MATERIAL FOR THIS EXERCISE —
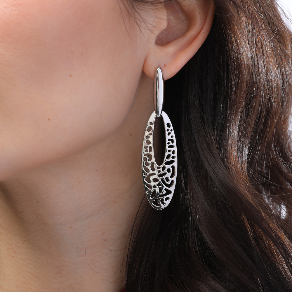 Серьги Узоры (покрытие родий)
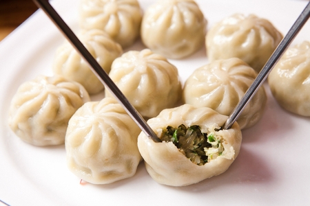 Chinese steamed dumpling in Bamboo Steamer, commonly eaten in East Asia in Beijing, China
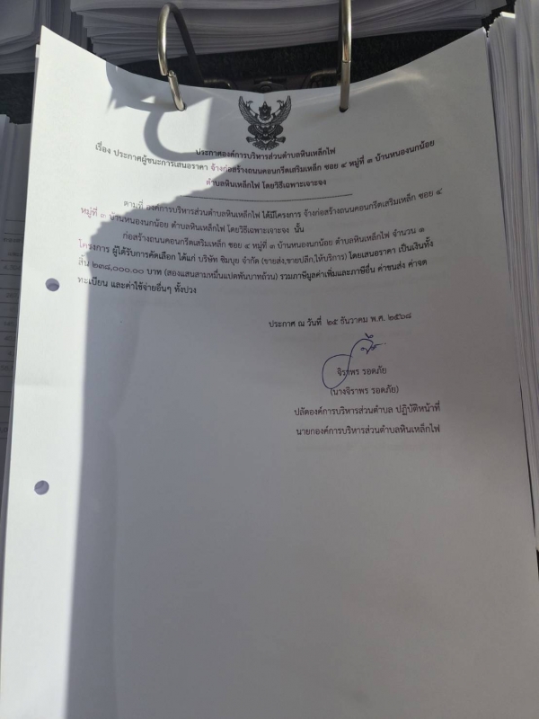 ประกาศ ผู้ชนะการเสนอราคาจ้างก่อสร้างถนนคอนกรีตเสริมเหล็ก ซอย4 หมู่ที่ 3 บ้านหนองนกน้อย
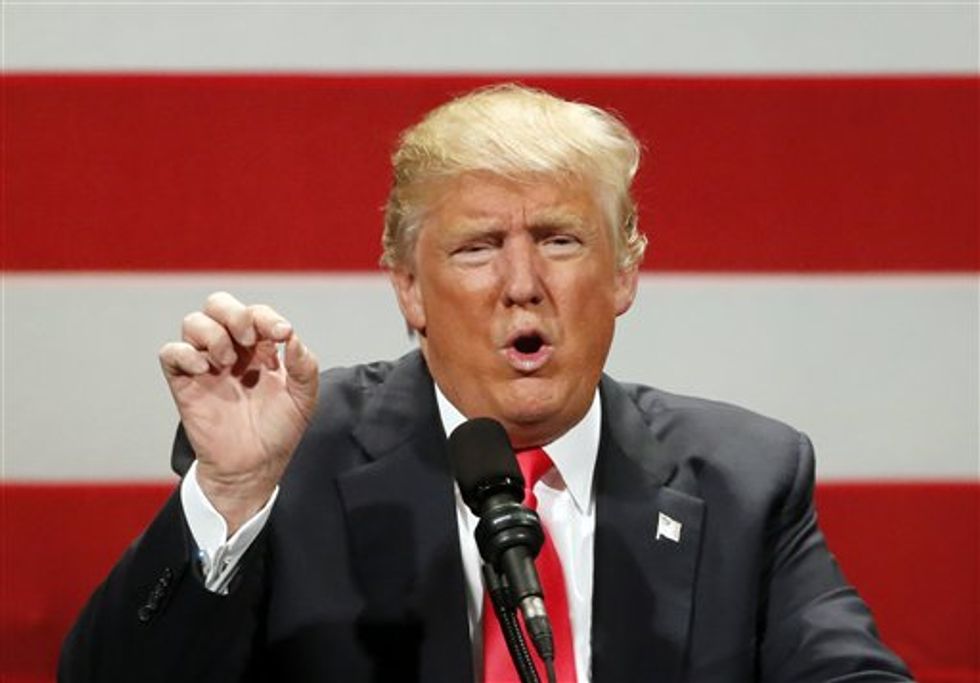 Republican presidential candidate Donald Trump speaks at a rally at the Milwaukee Theatre Monday, April 4, 2016, in Milwaukee. (AP Photo/Charles Rex Arbogast)
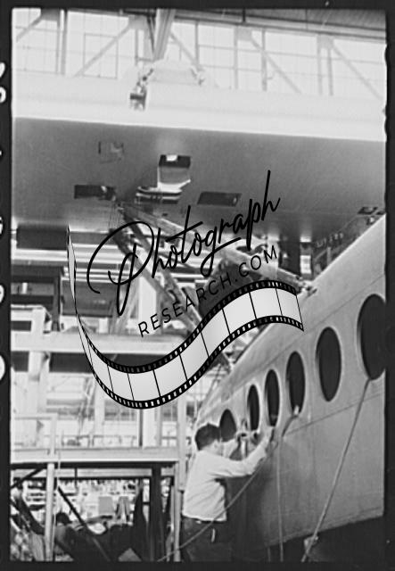 Title: Checking dimensions on an airplane part at the Vought-Sikorsky Aircraft Corporation, Stratford, Connecticut
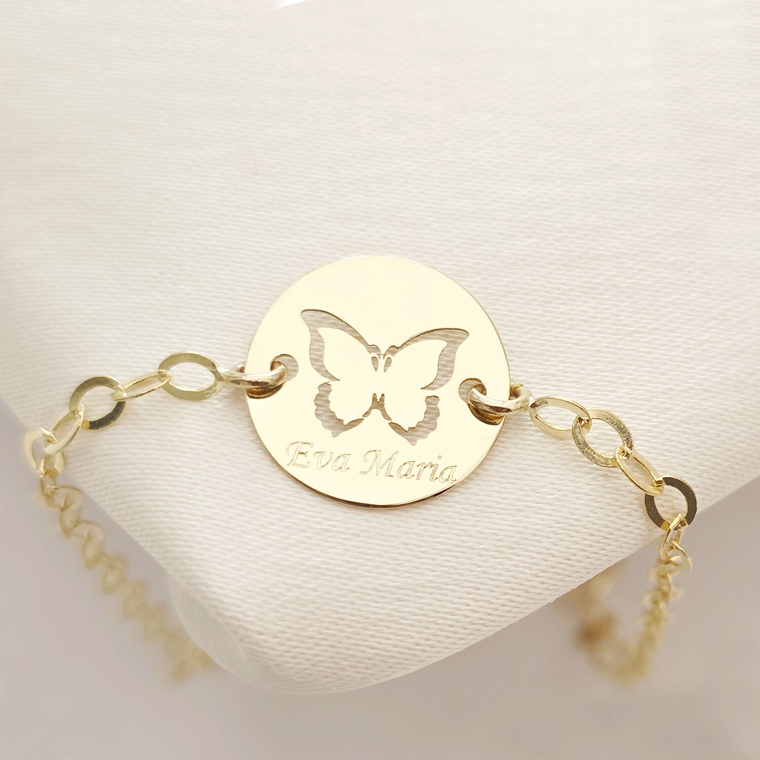 Bratara personalizata cu nume - Fluture decupat - Aur Galben 14K - Banut 12 mm diametru - Cu lantisor fata/baiat

REQUIRED WORK —
Copy nothing but the lines from the top of the material through the line holding "Title: Checking dimensions", exactly as written; omit pictures.

RESPONSE BOX —
 Серьги Узоры (покрытие родий)
 Chinese steamed dumpling in Bamboo Steamer, commonly eaten in East Asia in Beijing, China
 ประกาศ ผู้ชนะการเสนอราคาจ้างก่อสร้างถนนคอนกรีตเสริมเหล็ก ซอย4 หมู่ที่ 3 บ้านหนองนกน้อย
 Republican presidential candidate Donald Trump speaks at a rally at the Milwaukee Theatre Monday, April 4, 2016, in Milwaukee. (AP Photo/Charles Rex Arbogast)
 Title: Checking dimensions on an airplane part at the Vought-Sikorsky Aircraft Corporation, Stratford, Connecticut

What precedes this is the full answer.